6. How to Buy AXP: A Quick Guide
A short “How to Buy AXP” section at the end of the article walks readers through the steps:
- Open a brokerage account that offers fractional shares if you’re starting small.
- Look for a “Buy” order with a “Limit” price at or below $140 to catch a slight dip.
- Consider a dividend reinvestment plan (DRIP) if your brokerage offers it; the article cites a 3‑year CAGR of 4.1 % for DRIP investors on AXP.
There’s also a link to the company’s investor relations page (https://www.americanexpress.com/en-us/investors/), where readers can download the latest quarterly earnings transcript, SEC filings, and dividend policy updates.
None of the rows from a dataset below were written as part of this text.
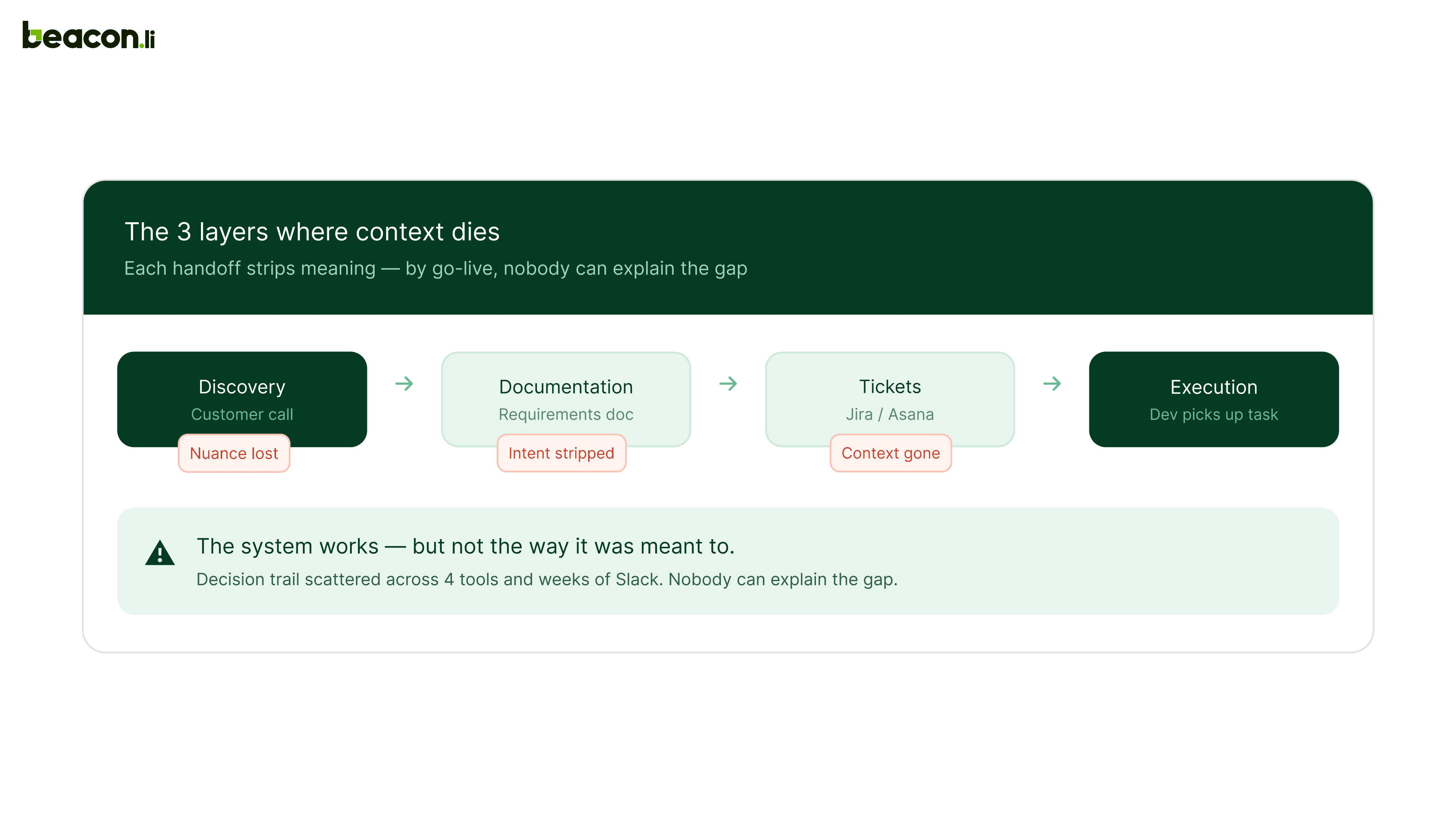 If your team uses Asana or Jira for task visibility, Beacon.li can sit above those tools and feed outputs to them. But the execution, the part that actually determines whether your implementation finishes on time, matches requirements, and leaves institutional knowledge behind, happens inside Beacon.li, not across a collection of tools hoping the context survives each handoff.
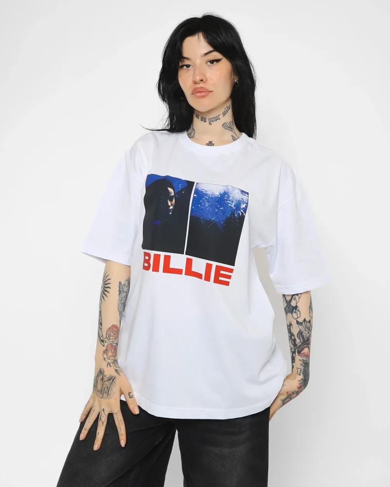 Billie Eilish Baskılı Oversize Unisex Beyaz Tshirt
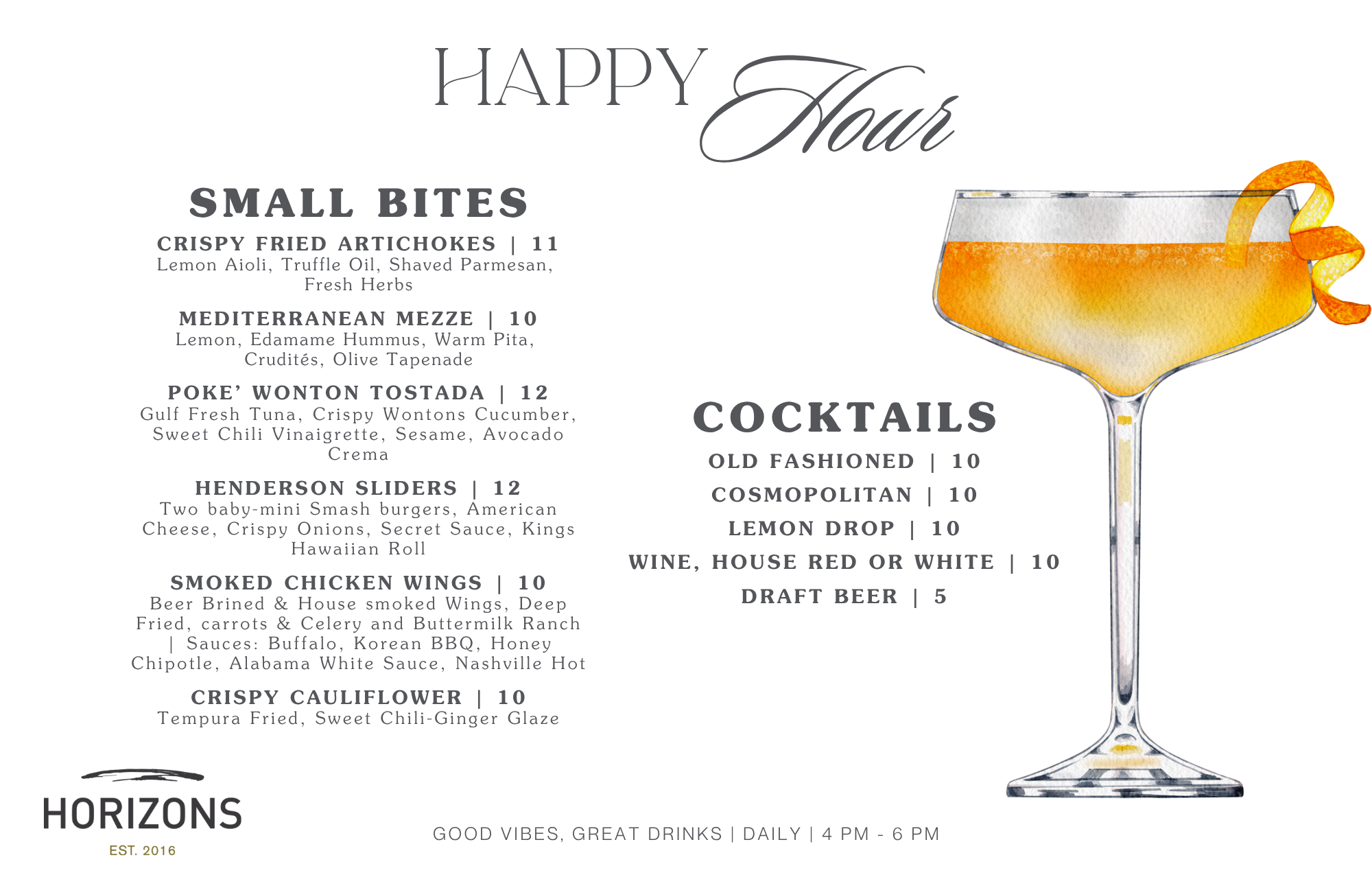 | Happy Hour | 4:00 p.m.-6:00 p.m. |

The author notes that the company’s quarterly releases are often ahead of schedule, allowing investors to act quickly on new data.
7. Bottom Line
The Motley Fool article presents American Express as the “go-to” dividend stock within the Dow because it blends:
- A 40‑plus year dividend track record.
- A diversified, fee‑rich business model.
- Aggressive yet measured capital allocation.
- A solid yield relative to peers.
If your investment philosophy centers on reliable income with moderate growth, AXP fits the profile. The author’s recommendation is to add a handful of shares—ideally 50–100—to a diversified portfolio, or to build a larger position if you have a higher risk tolerance and a longer time horizon. The piece concludes that, while no stock is immune to risk, AXP’s fundamentals make it one of the safest dividend plays in the Dow at this time.